%%

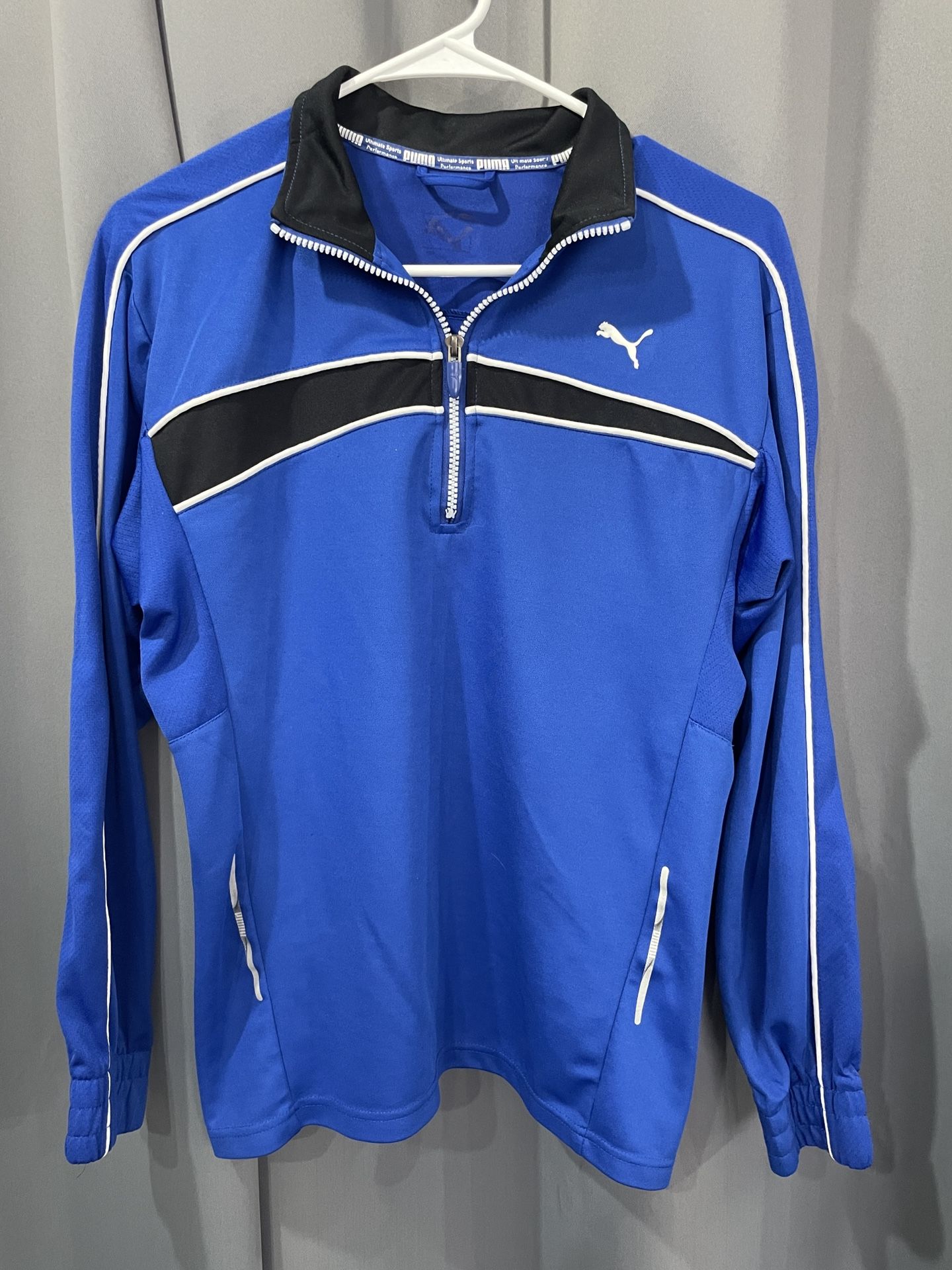 Women’s puma royal blue/black quarter zip jacket. Size small.
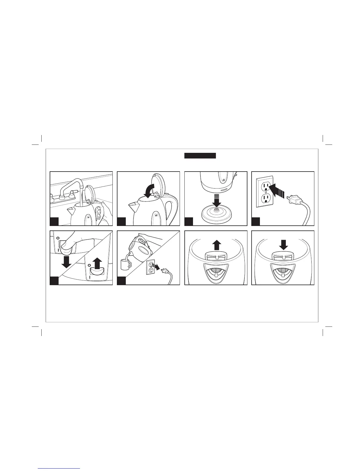 Do not overfill kettle. Boiling water may spit out of
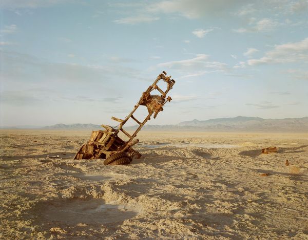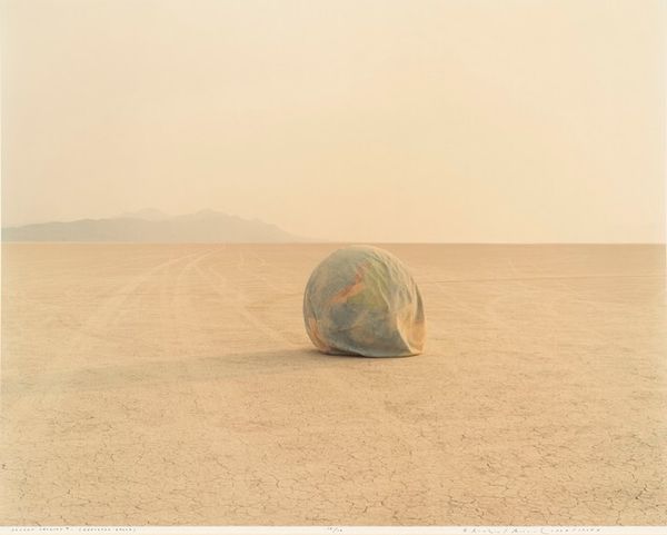 Curator: This photograph, potentially taken between 1987 and 1992, is titled "Bomb, Destroyed Vehicles, and Lone Rock, Bravo 20 Bombing Range, Nevada" by Richard Misrach. It is a C-print, a type of color photography. Editor: It feels strangely serene despite its subject matter. The warm, almost sepia tones and the vastness of the landscape create a sense of desolation, but also a kind of haunting beauty. The composition is quite striking, with the subtle horizon line dividing the frame. Curator: Precisely. The muted palette lends the scene a certain detachment, obscuring the violence implied by the title. The photograph possesses a structured visual paradox – a bleak landscape harboring both destruction and sublime aesthetics. Notice how Misrach uses color to aestheticize decay. Editor: I agree. Context is key here. The Bravo 20 Bombing Range was a site of military practice. Misrach's photographs of these landscapes serve as a stark reminder of human impact on the environment. They speak to a history of conflict and exploitation of natural resources. It reflects on the political nature of landscape photography, don't you think? Curator: Yes, Misrach consciously employs compositional strategies that subtly undermine traditional landscape photography. Note the flat horizon and minimal depth of field; this visually flattens the pictorial space. The inclusion of the rusted vehicle remains challenges our notion of pictorial space. We are not supposed to find them beautiful, but we do. It almost verges on pop-art with the repetitive elements and commentary on capitalist detritus. Editor: It definitely pushes the boundaries of what constitutes a landscape photograph. There’s an element of institutional critique too, in showcasing the results of governmental or military action within this space. It acts as a counter-narrative. Curator: Indeed. And by using the conventions of landscape photography, Misrach creates a critical commentary, transforming this zone of military operations into a space of profound, albeit unsettling, beauty. The C-print medium, normally used for consumer-level snapshots, gains new layers of significance. Editor: Considering Misrach’s earlier series on the desert, one can consider the recurring visual vocabulary within his diverse collection and how he sought to subvert romantic conceptions of the frontier and wilderness that were popular at the time. It asks who the land belongs to. Curator: Looking closely allows one to decipher formal and political aspects, showing how such seemingly opposing principles can converge. Editor: And how a single image can carry layers of social, political, and art-historical resonance, and can remind us about land use and militarism in America.

%%

- [Your instructions] With every picture omitted, write out the material exactly from its first line through the line containing "Do not overfill".

- [Output of the task]
 Women’s puma royal blue/black quarter zip jacket. Size small.
 Do not overfill kettle. Boiling water may spit out of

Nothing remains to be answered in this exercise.